Task requirements: Word for word, give the data again without its pictures.

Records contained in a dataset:
=-=-=-=-=

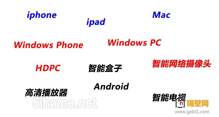 安卓手机、苹果手机、WP手机、windows电脑、苹果电脑、平板、智能电视、智能摄像头、高清播放器、下载机等等
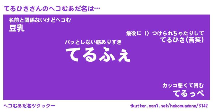 | 意味不明あだ名 | 『ペロリンてるひさ』『永久保存てるひさ』 |
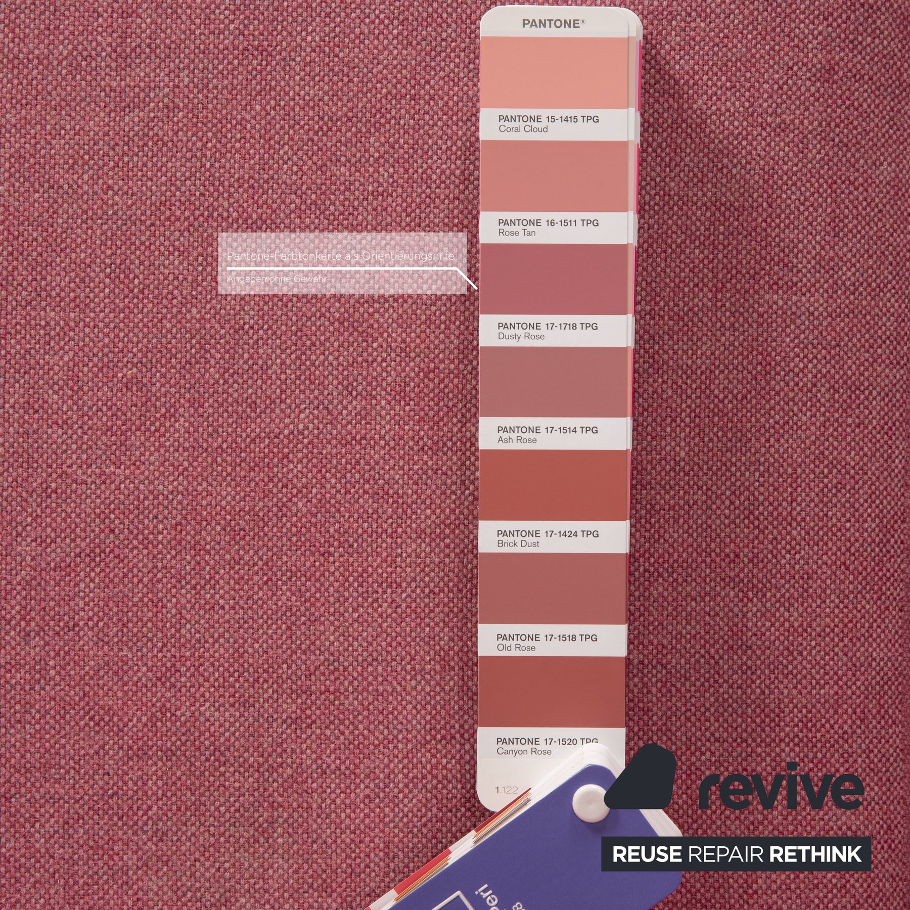 The MYCS TYME sofa is upholstered in a pink fabric and stands on wooden feet. The simple design and the eye-catching color characterize the corner sofa.
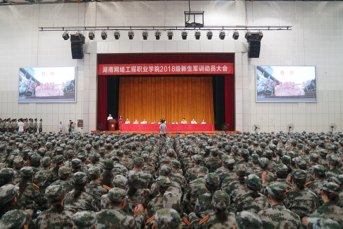 邓楠宣布2018年湖南网络工程职业学院军训正式开始
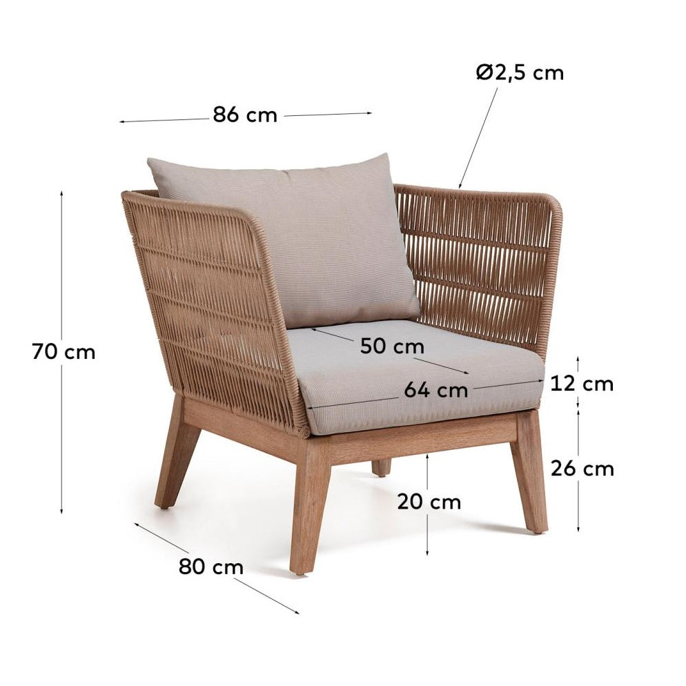 Garden armchair Belleny was created for lovers of nature and elegance. Made of solid acacia wood and hand -woven rope, it impresses with its solidity and unique style. Each detail of the Bellena chair emanates with a natural charm, adding a unique character to any in the open air.
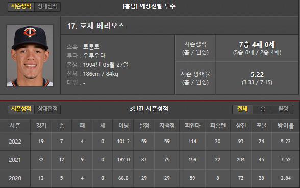 베리오스는 이번 시즌 19경기 7승 4패 101.2이닝 114피안타 59실점으로
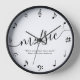 The size of the clock is dramatic and the abstract alcohol ink design is soothing and intricate at the same time. I chose the black frame that adds pop to the blue and gold design. The gold printing would be better in a slightly darker or larger font. I love it and I’m looking for just the right place in ny new apartment. I would recommend this clock for a personal gift or a present. I feel that the quality is excellent for the money! I’m a bit of a clock nut so I’m pretty particular about my purchases. The clock is larger in diameter than many if the clocks I have, so it stands out very well. I think a slightly darker printing color and a moderately larger size would best suit a professional decor or add more impact in a work place item.
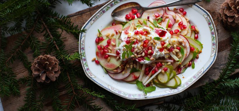 Esta ensalada se inspiró en una hermosa receta de carpaccio de manzana del nuevo libro de cocina navideña de Jamie. Es un libro excelente, repleto de recetas vibrantes para las fiestas, y bueno, hice mi lista de libros de cocina favoritos en 2016.
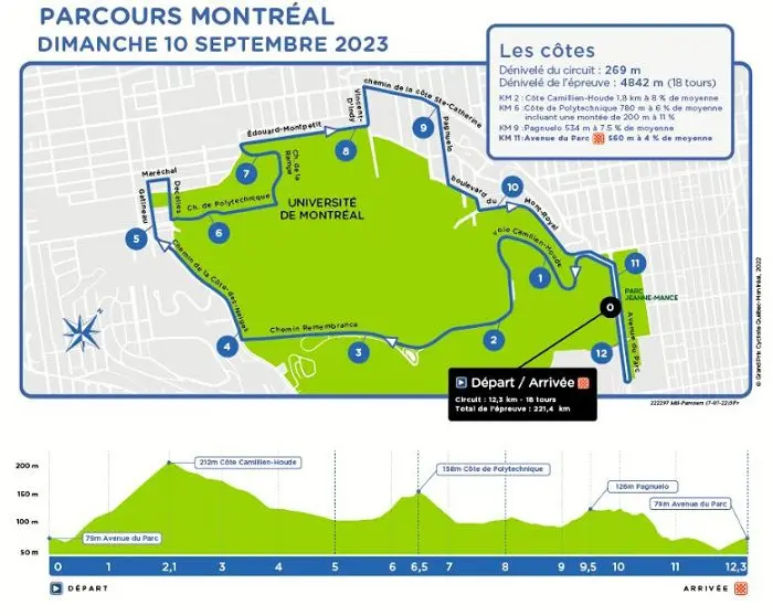 Deux jours après le Grand Prix Cycliste de Québec, une autre classique canadienne est proposée ce dimanche 10 septembre aux coureurs faisant la tournée nord américaine : le Grand Prix Cycliste de Montréal. Les coureurs engagés et par conséquent les favoris, sont les mêmes. Ces derniers sauront certainement gérer l’enchainement des deux courses. Cependant, il faut noter que le dénivelé positif est notablement supérieur avec 4842 m et la distance légèrement plus importante (221 km). Ainsi, les vrais grimpeurs trouveront un terrain plus à leur convenance. Des coureurs comme Adam Yates (UAE Team Emirates), Pello Bilbao (Bahrain Victorious) ou Mattias Skjelmose (Trek Lidl) devraient pouvoir jouer les premiers rôles, en plus des protagonistes de la course au départ de Québec, détaillée ici.
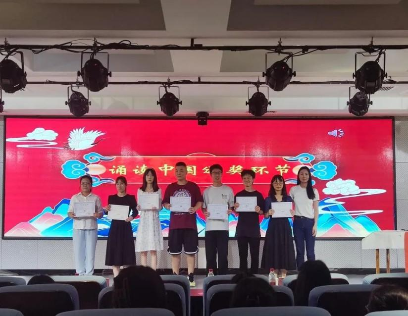大赛作品展演和颁奖环节,“诵读中国”优秀创作者通过声情并茂的朗诵,向观众展示文学经典篇目的动人魅力和旺盛生命力,同时表达出桂院学子的爱国主义情怀。“诗教中国”优秀创作者演出情绪饱满,带领观众感悟古诗词作品,激发观众对古诗词及中华传统文化的热爱与向往。随后,胡又嘉和钟锟老师分别对“诵读中国”和“诗教中国”的获奖同学进行颁奖。
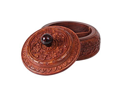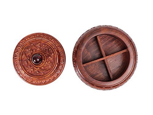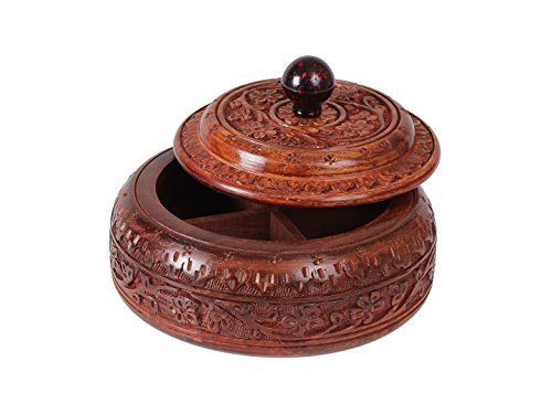 -. Feature : Dimensions: Diameter - 6 inches, Width - 6 inches, Height - 4 inches / Crafted using one of the finest richly hued timbers, rosewood and further adorned with rustic multifaceted carved floral designs. Beautiful wooden box with removable lid provides 4 compartments to store spices, pills, saunf & more / Decorative and functional, an elegant addition to ones kitchen & home decor / Also can be used in restaurant, looks great left out on the table or counter top / Handmade by skilled artisans from Saharanpur - India's largest hub for high quality wooden handicrafts
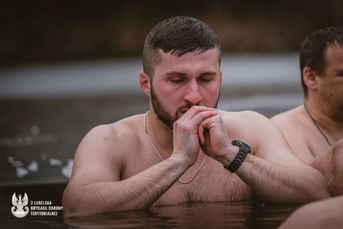 Następnie uczestniczyli w pokazie wprowadzenia jednego z żołnierzy w stan hipotermii, podczas którego obserwowali reakcję organizmu na poszczególne etapy wychłodzenia oraz krok po kroku procedurę ratowania osoby w hipotermii. Po pokazie sprawdzili to w praktyce. Wszyscy na 15 minut weszli do wody.
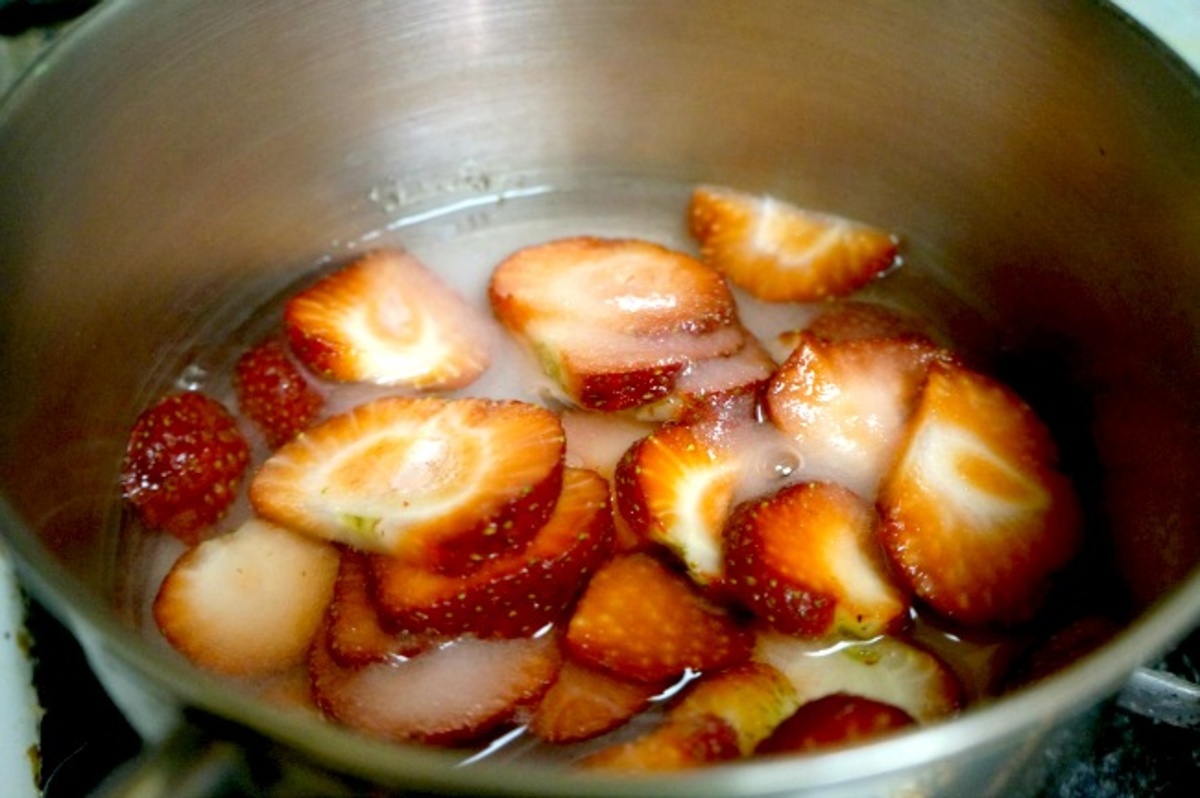Take the strawberries, sugar, vanilla and water and boil together in a sauce pan for about 15 minutes.
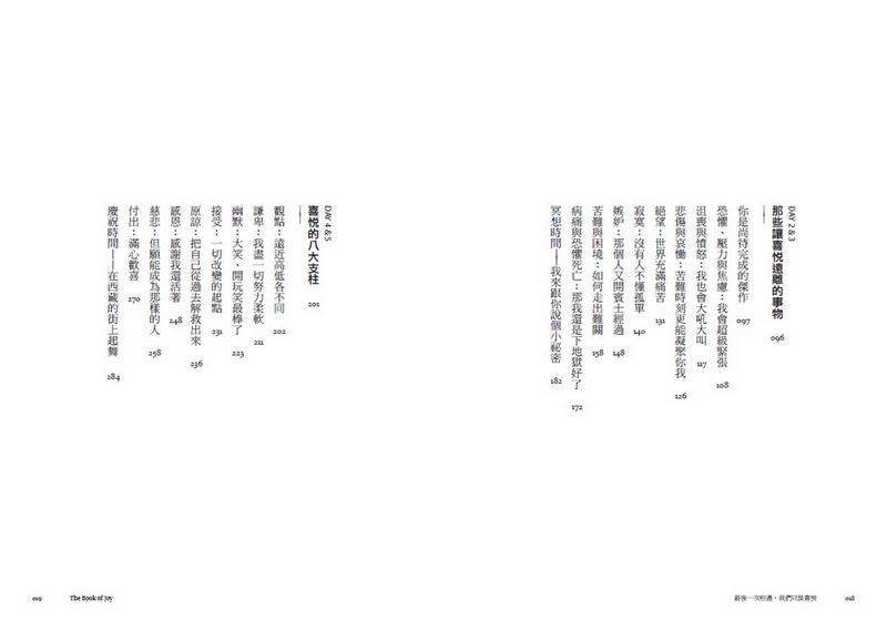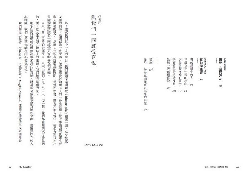 書中除了兩人時而幽默逗趣,時而深刻感動的對談,分享他們對人生的體悟與許多真實故事,也從探討喜悅的本質、結合科學實證分享跨越負面情緒的方法──嫉妒、恐懼、孤獨、焦慮、失去的苦痛等,到獲得喜悅的八大心靈支柱,分享他們穿越苦痛的智慧。同時列出他們日常安頓內心的功課,讓讀者也能練習感受喜悅。

=-=-=-=-=

Task answer:
 安卓手机、苹果手机、WP手机、windows电脑、苹果电脑、平板、智能电视、智能摄像头、高清播放器、下载机等等
 | 意味不明あだ名 | 『ペロリンてるひさ』『永久保存てるひさ』 |
 The MYCS TYME sofa is upholstered in a pink fabric and stands on wooden feet. The simple design and the eye-catching color characterize the corner sofa.
 邓楠宣布2018年湖南网络工程职业学院军训正式开始
 Garden armchair Belleny was created for lovers of nature and elegance. Made of solid acacia wood and hand -woven rope, it impresses with its solidity and unique style. Each detail of the Bellena chair emanates with a natural charm, adding a unique character to any in the open air.
 베리오스는 이번 시즌 19경기 7승 4패 101.2이닝 114피안타 59실점으로
 The size of the clock is dramatic and the abstract alcohol ink design is soothing and intricate at the same time. I chose the black frame that adds pop to the blue and gold design. The gold printing would be better in a slightly darker or larger font. I love it and I’m looking for just the right place in ny new apartment. I would recommend this clock for a personal gift or a present. I feel that the quality is excellent for the money! I’m a bit of a clock nut so I’m pretty particular about my purchases. The clock is larger in diameter than many if the clocks I have, so it stands out very well. I think a slightly darker printing color and a moderately larger size would best suit a professional decor or add more impact in a work place item.
 Esta ensalada se inspiró en una hermosa receta de carpaccio de manzana del nuevo libro de cocina navideña de Jamie. Es un libro excelente, repleto de recetas vibrantes para las fiestas, y bueno, hice mi lista de libros de cocina favoritos en 2016.
 Deux jours après le Grand Prix Cycliste de Québec, une autre classique canadienne est proposée ce dimanche 10 septembre aux coureurs faisant la tournée nord américaine : le Grand Prix Cycliste de Montréal. Les coureurs engagés et par conséquent les favoris, sont les mêmes. Ces derniers sauront certainement gérer l’enchainement des deux courses. Cependant, il faut noter que le dénivelé positif est notablement supérieur avec 4842 m et la distance légèrement plus importante (221 km). Ainsi, les vrais grimpeurs trouveront un terrain plus à leur convenance. Des coureurs comme Adam Yates (UAE Team Emirates), Pello Bilbao (Bahrain Victorious) ou Mattias Skjelmose (Trek Lidl) devraient pouvoir jouer les premiers rôles, en plus des protagonistes de la course au départ de Québec, détaillée ici.
大赛作品展演和颁奖环节,“诵读中国”优秀创作者通过声情并茂的朗诵,向观众展示文学经典篇目的动人魅力和旺盛生命力,同时表达出桂院学子的爱国主义情怀。“诗教中国”优秀创作者演出情绪饱满,带领观众感悟古诗词作品,激发观众对古诗词及中华传统文化的热爱与向往。随后,胡又嘉和钟锟老师分别对“诵读中国”和“诗教中国”的获奖同学进行颁奖。
 -. Feature : Dimensions: Diameter - 6 inches, Width - 6 inches, Height - 4 inches / Crafted using one of the finest richly hued timbers, rosewood and further adorned with rustic multifaceted carved floral designs. Beautiful wooden box with removable lid provides 4 compartments to store spices, pills, saunf & more / Decorative and functional, an elegant addition to ones kitchen & home decor / Also can be used in restaurant, looks great left out on the table or counter top / Handmade by skilled artisans from Saharanpur - India's largest hub for high quality wooden handicrafts
 Następnie uczestniczyli w pokazie wprowadzenia jednego z żołnierzy w stan hipotermii, podczas którego obserwowali reakcję organizmu na poszczególne etapy wychłodzenia oraz krok po kroku procedurę ratowania osoby w hipotermii. Po pokazie sprawdzili to w praktyce. Wszyscy na 15 minut weszli do wody.
Take the strawberries, sugar, vanilla and water and boil together in a sauce pan for about 15 minutes.
 書中除了兩人時而幽默逗趣,時而深刻感動的對談,分享他們對人生的體悟與許多真實故事,也從探討喜悅的本質、結合科學實證分享跨越負面情緒的方法──嫉妒、恐懼、孤獨、焦慮、失去的苦痛等,到獲得喜悅的八大心靈支柱,分享他們穿越苦痛的智慧。同時列出他們日常安頓內心的功課,讓讀者也能練習感受喜悅。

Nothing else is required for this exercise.